Perhaps best-loved outside his native Italy, Zeffirelli was granted the title “Sir” by Queen Elizabeth II and was nominated for an Oscar on two occasions – once for Best Director for his 1968 film “Romeo and Juliet” and a second time in the category of Best Art Direction for his 1983 film version of Giuseppe Verdi’s opera “La Traviata.”

Zeffirelli got his start in cinema as an apprentice to Luchino Visconti, serving as his assistant director on three of that Palme d’Or-winning filmmaker’s most acclaimed movies: “La terra trema” (The Earth Will Tremble), “Bellissima” and “Senso” (Senso or the Wanton Countess).

As director, Zeffirelli cultivated his love for the opera and the works of William Shakespeare.

One of his first films was a 1966 version of Shakespeare’s comedy “The Taming of the Shrew,” which starred Richard Burton and Elizabeth Taylor in the lead roles.

In 1990, he also directed a film version of the Shakespearean tragedy “Hamlet” that starred Mel Gibson and Glenn Close and received two Academy Award nominations.

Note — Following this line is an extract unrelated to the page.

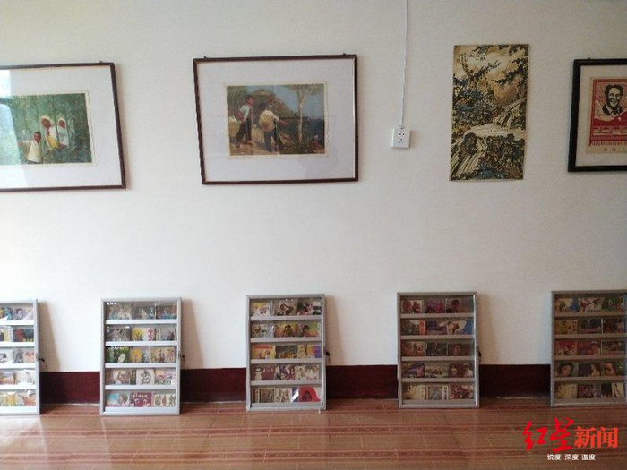 红星新闻记者看到,三层楼每层的房间都摆满了展品,美术馆的介绍称,藏品达到4万多件,有红色连环画、红色图片、国画、书法、摄影等。连环画有《红岩》《小八路》《霍元甲》《鸭绿江畔》等,到现在已经达到了2万多册,此外,他还收集一下红色主题图片、国画、书法、票证等。

Other key works directed by Zeffirelli included the television mini-series “Jesus of Nazareth” that starred Robert Powell, Anne Bancroft, Ernest Borgnine and Laurence Olivier.

His final two movies as director were “Tea with Mussolini,” a semi-autobiographical film, and “Callas Forever,” a tribute to an opera diva – Maria Callas – whom he had directed on stage in three productions and described once as “the only woman he had ever been in love with.”

Zeffirelli came out as gay late in life, although he said he preferred the term homosexual, and revealed in a 2006 autobiography his great love for Visconti.

The director was a member of Italy’s Senate from 1994 to 2001 as a representative of Silvio Berlusconi’s center-right Forza Italia party and said he became a conservative due to his strong anti-communist leanings.

Zeffirelli was born on Feb. 12, 1923, in Florence, as a result of an extra-marital affair and therefore was not given the surname of either parent.

He only met his father after the death of his mother, Alaide Garosi, a classical music aficionado who wanted to give him the surname “Zeffiretti,” a word that means “little breezes” and which appears in an aria in Mozart’s Italian-language opera “Idomeneo.”

But an official mistakenly wrote down Zeffirelli.

Garosi died when Zeffirelli was a young boy and several women, including an aunt and members of the English expatriate community, helped to raise him.

One of those women, named Mary, taught him English and instilled in him a love of Shakespeare.